REQUIRED ACTION: From the line that includes "Committed to crafting" to the last line of the records that follow, copy every line exactly and nothing more, omitting pictures.

PROVIDED DATA:
== Segment start ==

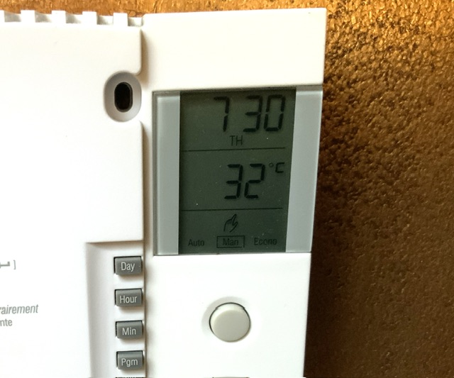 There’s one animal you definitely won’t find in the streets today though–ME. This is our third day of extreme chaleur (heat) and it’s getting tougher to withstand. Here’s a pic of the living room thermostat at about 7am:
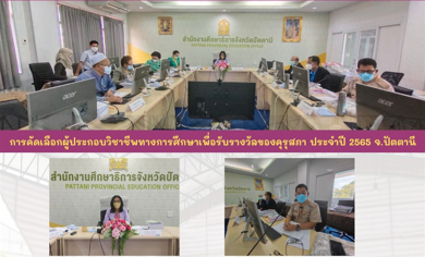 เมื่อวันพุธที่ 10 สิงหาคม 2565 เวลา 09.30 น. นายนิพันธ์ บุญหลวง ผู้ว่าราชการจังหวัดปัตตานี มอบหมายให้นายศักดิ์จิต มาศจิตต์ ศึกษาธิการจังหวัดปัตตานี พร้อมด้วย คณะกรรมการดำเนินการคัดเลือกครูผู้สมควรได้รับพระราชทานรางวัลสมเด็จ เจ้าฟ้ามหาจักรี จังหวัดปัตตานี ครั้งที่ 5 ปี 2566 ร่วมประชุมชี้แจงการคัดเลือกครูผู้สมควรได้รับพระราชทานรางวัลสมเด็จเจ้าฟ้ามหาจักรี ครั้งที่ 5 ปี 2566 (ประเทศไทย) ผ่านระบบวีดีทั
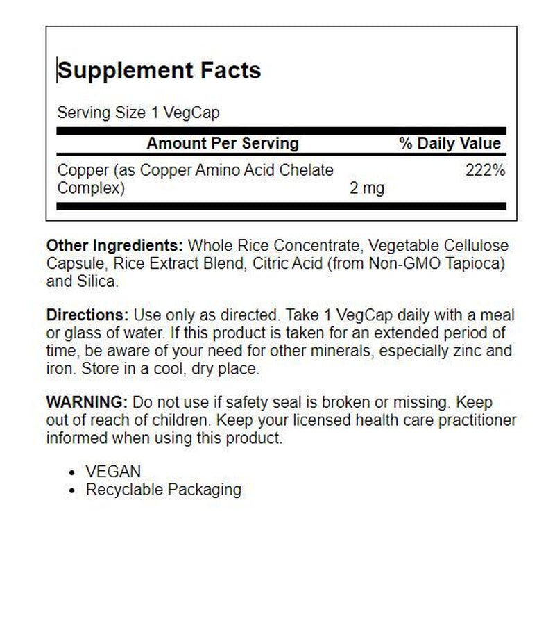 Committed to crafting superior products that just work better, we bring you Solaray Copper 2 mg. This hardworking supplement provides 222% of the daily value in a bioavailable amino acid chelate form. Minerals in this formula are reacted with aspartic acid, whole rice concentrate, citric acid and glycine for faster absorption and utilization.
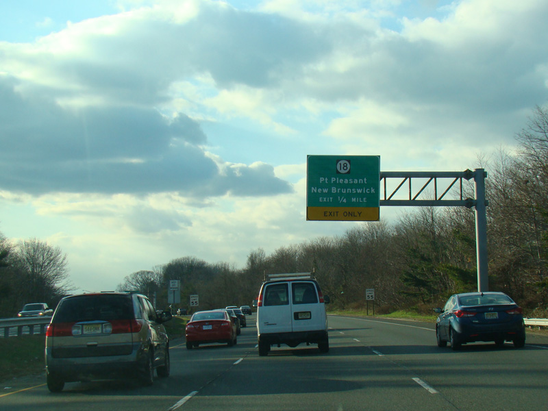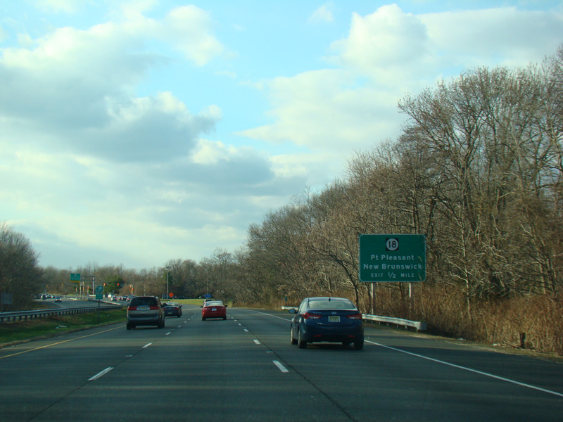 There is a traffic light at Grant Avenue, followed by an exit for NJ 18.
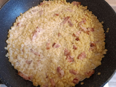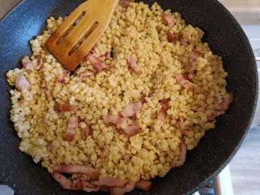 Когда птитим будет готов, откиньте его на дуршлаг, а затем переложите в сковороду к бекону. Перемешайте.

== Segment end ==

REPLY TO THE EXERCISE:
 Committed to crafting superior products that just work better, we bring you Solaray Copper 2 mg. This hardworking supplement provides 222% of the daily value in a bioavailable amino acid chelate form. Minerals in this formula are reacted with aspartic acid, whole rice concentrate, citric acid and glycine for faster absorption and utilization.
 There is a traffic light at Grant Avenue, followed by an exit for NJ 18.
 Когда птитим будет готов, откиньте его на дуршлаг, а затем переложите в сковороду к бекону. Перемешайте.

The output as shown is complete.